Materials and methods

Cell culture and development of chemoresistant cells

The human CRC cell lines SW620, HT29, HCT8, HCT116, LoVo, SW480, and DLD1, and normal human colon epithelial cell line (HCoEpic) were all purchased from the Type Culture Collection of the Chinese Academy of Sciences (Shanghai, China). Cells were maintained in either RPMI-1640 medium or Dulbecco’s Modified Eagle’s Medium (DMEM) supplemented with 10% fetal bovine serum (FBS) (Thermo Fisher Scientific, Waltham, MA, USA), 100 U/mL penicillin and 100 µg/mL streptomycin (Thermo Fisher Scientific) at 37°C in a humidified atmosphere containing 5% CO2. Silencing and ectopic expression of GIHCG were achieved by three siRNAs specially targeting GIHCG (siGIHCG.1, siGIHCG.2, and siGIHCG.3) (GENEWIZ, Suzhou, Jiangsu, China) and pcDNA3.1-GIHCG vector (GENEWIZ), respectively. Scrambled siRNA control (siNC) and pcDNA3.1 empty vector (Vector) were used as controls. Cells were harvested 24 hours post-transfection for subsequent analysis. Development of 5-fluorouracil (5-FU)-resistant LoVo and SW480 cells was achieved by exposing parental LoVo and SW480 cells to an initial dose of 0.2 µg/mL 5-FU (Abcam, Boston, MA, USA) in RMPI 1640 plus 10% FBS. The surviving population of cells was recovered for 2 weeks. The cells that survived initial 5-FU treatment were then exposed to sequentially increasing concentration (0.2 µg/mL) of 5-FU. Finally, the 5-FU concentration was increased to the clinically relevant plasma concentration of 2.0 µg/mL, and the cells were continuously cultured in 2.0 µg/mL 5-FU, unless otherwise indicated. The development of Oxaliplatin (Oxa) (Abcam)-resistant LoVo cells and SW480 cells was performed similar to that of the 5-FU-resistant cells, except that the initial concentration of Oxa was 1.0 µg/mL, and the final concentration was 4.0 µg/mL. The developed LoVo cells and SW480 cells resistant to 5-FU and Oxa were named LoVo-5-FU-R, SW480-5-FU-R, LoVo-Oxa-R, and SW480-Oxa-R.

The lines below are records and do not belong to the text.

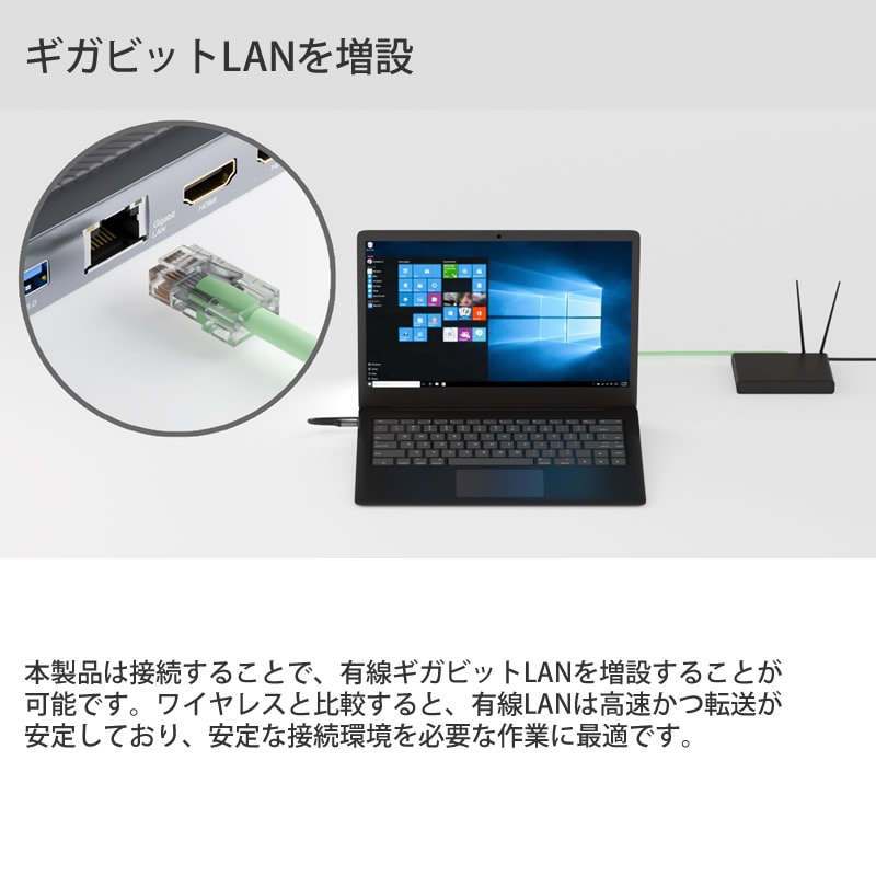薄型ノートパソコンに接続することで、同時に接続できるデバイスを増やし、より様々な使い方を便利にします。
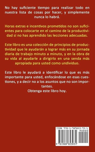 No hay suficiente tiempo para realizar todo en nuestra lista de cosas por hacer, y simplemente nunca lo habrá. Horas extras e incentivos prometidos no son suficientes para colocarte en el camino de la productividad si no has aprendido las lecciones adecuadas. Este libro es una colección de principios de productividad que le ayudarán a lograr más en su jornada diaria de trabajo minuto a minuto, y en la obra de su vida al ayudarle a dirigirlo en una senda más apropiada para usted como undividuo. Este libro le ayudará a identificar lo que es más importante para usted, enfocándose en esas cuestiones, y a decir no a los asuntos que no son importantes. Obtenga este libro hoy.
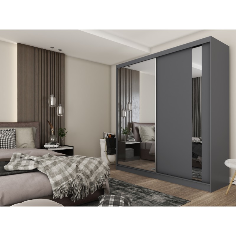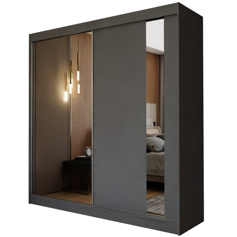 Szafa Przesuwna GRAZIA 200 cm z Lustrem Szafa Dwudrzwiowa Szara
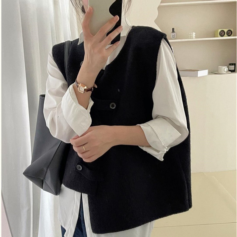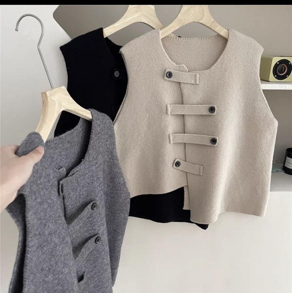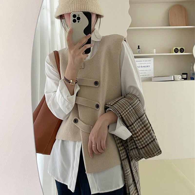 여성을위한 국경 간 니트 조끼 봄, 가을 새로운 스타일 예술적 스타일 겉옷 불규칙한 양복 조끼 더블 브레스트 조끼 카디건스토어 가기
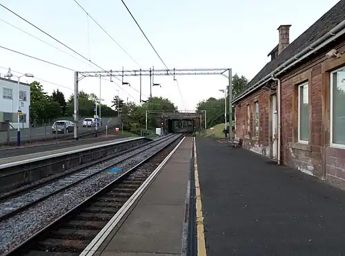 The building on Station Road, housing various public facilities,[6] leads to Platform 1 (Glasgow-bound trains). A footbridge over the double track connects to Platform 2 (Motherwell/Edinburgh-bound trains) and the car park.
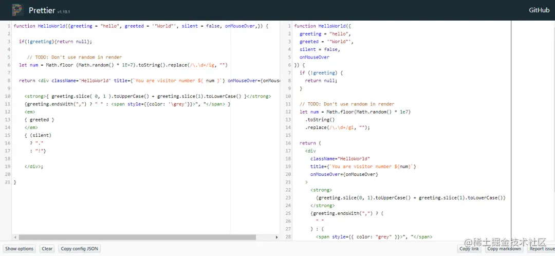 Prettier 是一种代码格式化程序,支持 JavaScript,包括 ES2017、JSX、Angular、Vue、Flow 和 TypeScript 等。它会用符合标准并遵循最佳实践的样式替换掉你原来的样式。这个方便的工具在我们的 IDE 中非常流行,但是它也有自己的在线版本,你可以在里面优化你的代码。
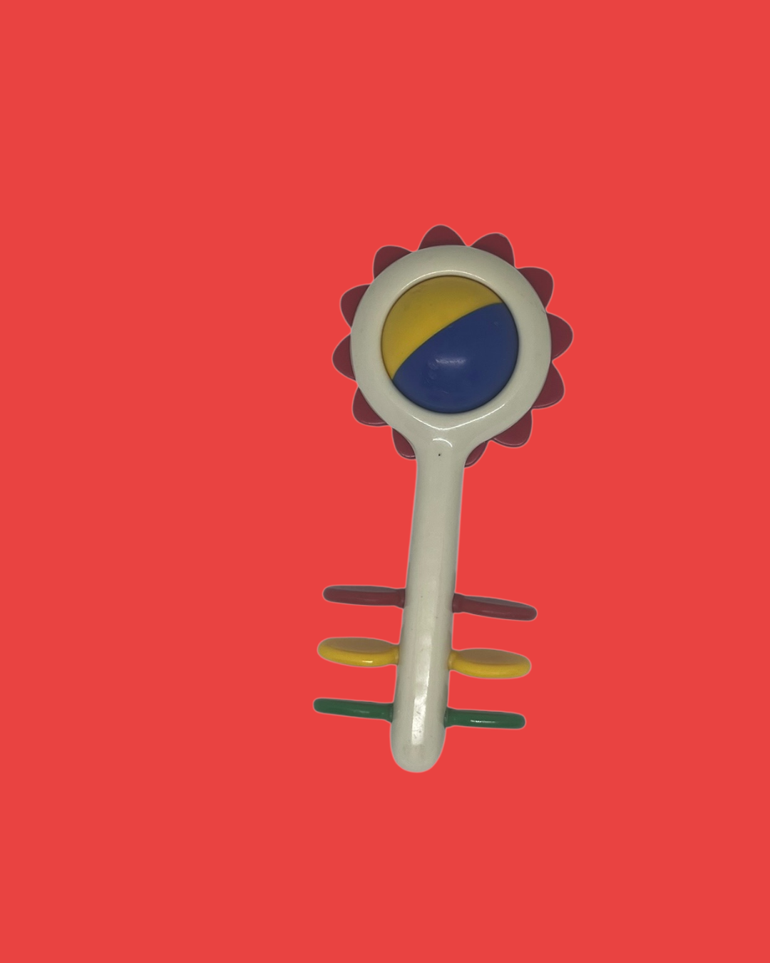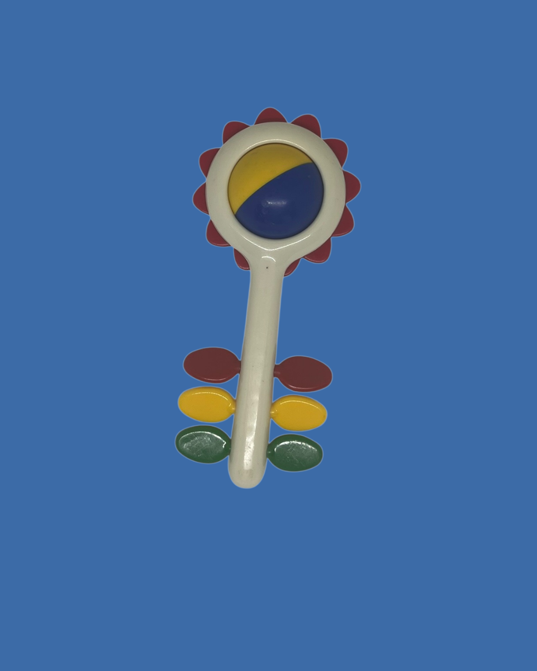 Ambi toys rammelaar in de vorm van een bloem. Het balletjes kan draaien, de rode bloemblaadjes kunnen ronddraaien en ook aan de drie gekleurde staafjes kan gedraaid worden. Het gezichtje op de bal is niet meer zichtbaar bij deze rammelaar.

Clinical data and tissue collection

A total of 110 CRC samples and paired tumor adjacent tissues were obtained from CRC patients who underwent radical resection in the Shanghai East Hospital (Shanghai, China). All patients gave written informed consent approved by the local ethics committee of the Shanghai East Hospital, which was conducted in accordance with the Declaration of Helsinki. The samples were obtained directly from surgery after removal of a necessary amount of tissue for routine pathology examination. The excluding criteria were as follows: patients who had received preoperative chemotherapy and/or radiation of rectal cancers, patients with hereditary CRC syndromes, and patients with two or more malignancies. The collected samples were frozen and stored in liquid nitrogen until use. Follow-up was conducted in the out-patient clinic, and the frequency was once every 3 months during the first 2 years, every 6 months during the next 3 years, and yearly thereafter. Cancer progression was dated from the first evidence of relapse based on physical, histological, or imaging data. Results presented in our study were based on follow-up, ending on January 20, 2018.

Quantitative real time polymerase chain reaction (qRT-PCR) assay

Total RNA in CRC cells or samples was extracted with TRIzol RNA Isolation Reagent (Thermo Fisher Scientific) according to the manufacturer’s protocol. The first strand of cDNA for GIHCG was synthesized from 1 µg of RNA using the High-Capacity cDNA Reverse Transcription Kit (Thermo Fisher Scientific). qRT-PCR was carried out using the SYBR® Premix DimerEraser Kit (TaKaRa, Dalian, China) on an Applied Biosystems 7,500 Real-Time PCR System. GAPDH served as an internal control to normalize the expression of GIHCG. The 2−ΔΔCT method was employed to calculate the relative expression of GIHCG. The primers used in this study were as follows: GIHCG forward: 5′-CTTTCAAGAAGTTTGGCTGTC-3′; reverse: 5′-GCTCATTCAACGGATAAGTC-3′. GAPDH, forward: 5′-GGGAAACTGTGGCGTGAT-3′; reverse: 5′-GAGTGGGTGTCGCTGTTGA-3′.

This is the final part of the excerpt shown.